Figure in the background of the page depicting a baby inside the womb.

Chapter 1
Principles of Development

Sam Webster

Case

Jamie is a 4-month-old boy presenting with disparity between limb length, trunk length and cranial circumference. His height is under the fourth percentile, his weight is under the fourth percentile and his head circumference is above the 97th percentile. Motor development milestones are delayed. Jamie's mother and father have typical heights (168 cm and 176 cm respectively).

Learning Outcomes

  • You should be able to recognise the stages of cell division in mitosis and meiosis.
  • You should be able to describe the basic principles of growth and differentiation.

Chromosomes

As a basis of biology cell theory is a crucial part of understanding development. Complex organisms grow from a single cell. The cell is the fundamental unit of structure in the organism, and new cells are formed from existing cells. All structure, function and organisation relates to the unit of the cell. In development we consider how the cells of the gametes merge to form a cell with a new genetic composition, the division of that cell to form new cells, and how those cells become organised, form shapes and tissues of multiple differentiated cell types.
DNA is stored in chromatin form within the nuclei of cells, and RNA is present in the cytoplasm. When cells divide the chromosomes are duplicated and the daughter cells gain exact copies of the DNA of the parent cell (hopefully, if the replication and error checking mechanisms work correctly).
Somatic cells contain 23 pairs of chromosomes including 22 pairs of autosomes and one pair of sex chromosomes (Figure 1.1). Each chromosome is an organised package of DNA.
Figure depicting human karyotype, where somatic cells contain 23 pairs of chromosomes including 22 pairs of autosomes and one pair of sex chromosomes.
Figure 1.1 Human karyotype. (Source: S. Webster and R. de Wreede (2016) Embryology at a Glance, 2nd edn. Reproduced with permission of John Wiley & Sons, Ltd.)
In a homologous pair of chromosomes the same genes are encoded on each chromosome but the genes may occur as slightly different versions. One chromosome has been inherited from the father, and the other from the mother. For example, the gene for head hair pigment colour will occur on both chromosomes of a homologous pair, but one copy may encode for blonde hair and the other for brown. These copies are alleles, and the dominant pigment allele will be represented in the phenotype of the individual. This is a simplified example, and many hair pigments are at play in determining a person's final hair colour, accounting for the wide variation of natural shades that occurs. The mixing up of alleles across homologous chromosomes during cell division is an important part of the genetic diversity advantage given by sexual reproduction over asexual reproduction.
If a cell has two copies of each kind of chromosome (e.g. one copy from the mother and one copy from the mother) it is said to be diploid. If it only had one copy it would be haploid.
We can also describe a cell by the number of copies (n) of each unique double-stranded length of chromosomal DNA. Chromosomal DNA inherited from the mother is different to chromosomal DNA inherited from the father. In a pair of chromosomes the genes are the same but the alleles are different. A haploid cell has only one copy of each kind of chromosome so it is described as 1n. Somatic cells are normally diploid, and during part of the cell cycle only have one DNA strand for each kind of chromosome so are described as 2n. They have two copies of each kind of chromosome (one from the mother and one from the father). When a cell copies its DNA in preparation for cell division it will have four copies of each kind of chromosome and be described as 4n.
If the DNA strand of a chromosome is duplicated its two duplicates are joined together at the centromere forming the familiar X shape of most chromosomes (Figure 1.2).

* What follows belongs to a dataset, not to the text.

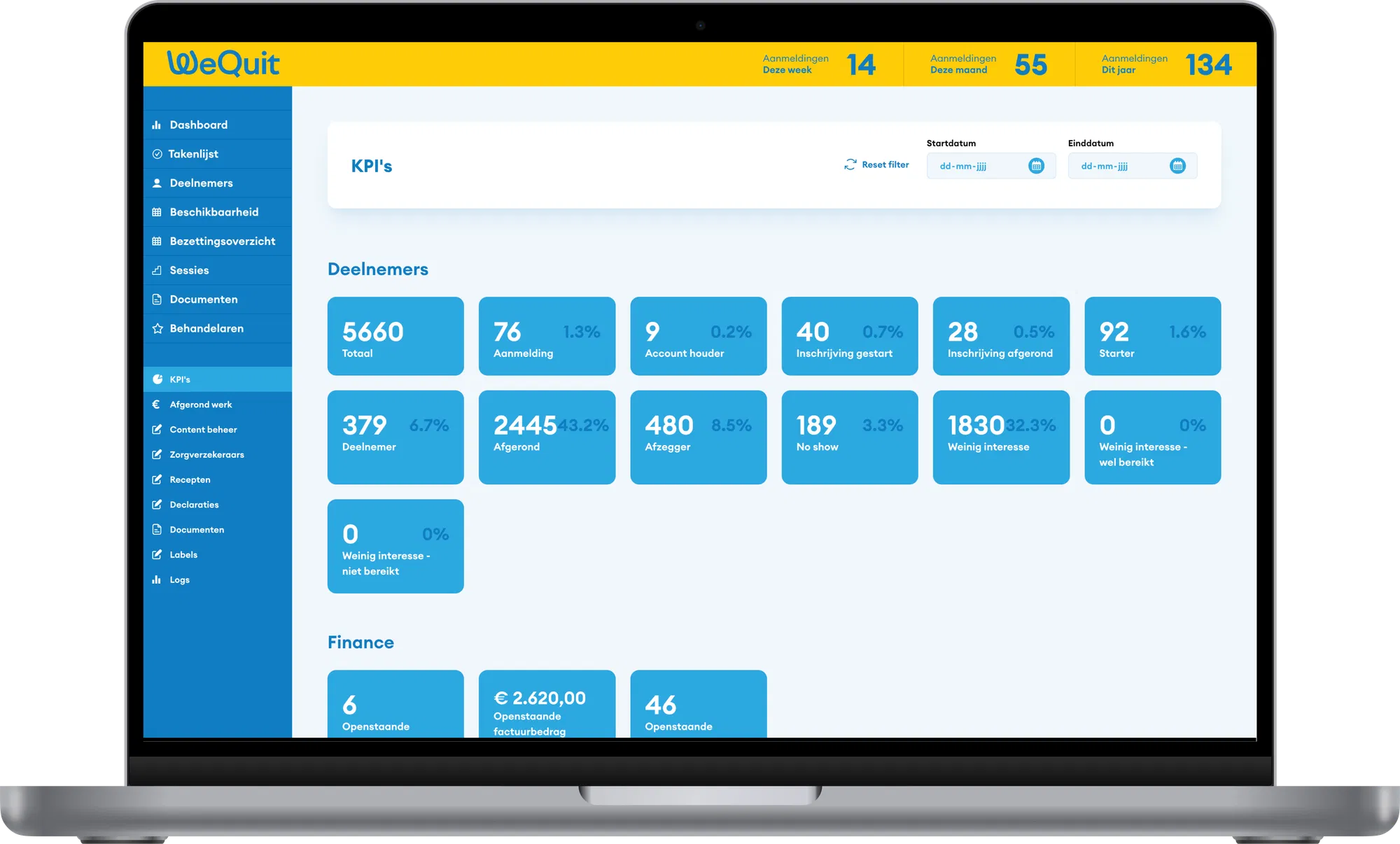 Om de flow door het systeem zo optimaal mogelijk te maken, zijn er uitgebreide KPI's beschikbaar voor de WeQuit beheerders. Zo is bijvoorbeeld te zien welk percentage van de deelnemers het hele traject helemaal zelf doorloopt, of bij welke intake stappen de meeste vertraging ontstaat. Dankzij deze KPI's kan het systeem continu verbeterd worden voor een zo goed mogelijke gebruikerservaring.

Each of the two duplicates is a sister chromatid.
Figure depicting the structure of a chromosome, where chromatid and centromere are labeled.
Figure 1.2 The structure of a chromosome. (Source: S. Webster and R. de Wreede (2016) Embryology at a Glance, 2nd edn. Reproduced with permission of John Wiley & Sons, Ltd.)

Mitosis

Mitosis is the process by which cells divide and increase in number in eukaryotic organisms. The result of mitosis is two daughter cells that contain the same genetic information. Mitosis is the method by which cells repair tissues, it is one way in which growth can occur, and it is how cells lost through normal processes are replaced. Some cells are very good at proliferating by mitosis, such as epidermal keratinocytes, which are lost daily as flakes of skin, and some cells are very poor at mitotic division, such as neurones of the central nervous system, which are expected to survive for the lifetime of the organism (although it is not yet clearly understood how long neurones live, but they are not naturally replaced after brain damage). Mitosis is a major mechanism of growth in the embryo and fetus.
Cell division is a step within the cell cycle (Figure 1.3). The cell cycle describes a series of carefully controlled events in the life of cell that take part in cell division, and cells that do not divide are considered to have left the cell cycle. The stages of the cell cycle are gap 1 (G1), synthesis (S), gap 2 (G2) and mitosis (M). The stages of G1, S and G2 are also known collectively as interphase. A cell's DNA is duplicated during S phase, adding a sister chromatid to the existing chromatid. A cell that no longer divides can be described as existing within a G0 phase.
Figure depicting the cell cycle. The stages of the cell cycle are gap 1 (G1), synthesis (S), gap 2 (G2) and mitosis (M).
Figure 1.3 The cell cycle. (Source: S. Webster and R. de Wreede (2016) Embryology at a Glance, 2nd edn. Reproduced with permission of John Wiley & Sons, Ltd.)
When a cell begins mitosis its chromosomes become condensed and form their recognisable X shapes during the first phase of mitosis, called prophase (Figure 1.4). At this stage it is diploid (4n). Centrioles are cylindrical structures that have a number of functions within eukaryotic cells, and during mitosis they arrange and separate DNA. During prophase the centrioles move to opposite ends of the cell.
Figure 1.4 Mitosis. (Source: S. Webster and R. de Wreede (2016) Embryology at a Glance, 2nd edn. Reproduced with permission of John Wiley & Sons, Ltd.)
In the next stage, prometaphase, the nuclear membrane breaks down and disappears releasing the DNA into the cytoplasm. Microtubules link the centromeres of the chromosomes to the centrioles, and during metaphase the chromosomes begin to move, pulled by the microtubules to line up along the middle of the cell.
The centromeres are cut in the telophase step, splitting each chromosome into its separate, genetically identical chromatids. One of each pair of chromatids is pulled to opposite ends of the cell by microtubules and the centrioles.
In telophase the chromatids reach the ends of the cell, begin to lengthen again and are no longer visible under a light microscope. Two new nuclear membranes begin to form around the chromatid DNA to create two nuclei. Cytokinesis follows during which a ring of actin filaments appears around the midline of the cell and shrinks, splitting the cell into two. Mitosis is complete, and the two cells return to the G1 phase. During the G1 phase each cell has a full, diploid complement of DNA but only one copy of each chromosome (2n).

Meiosis

Meiosis is a specialised method of cell divi...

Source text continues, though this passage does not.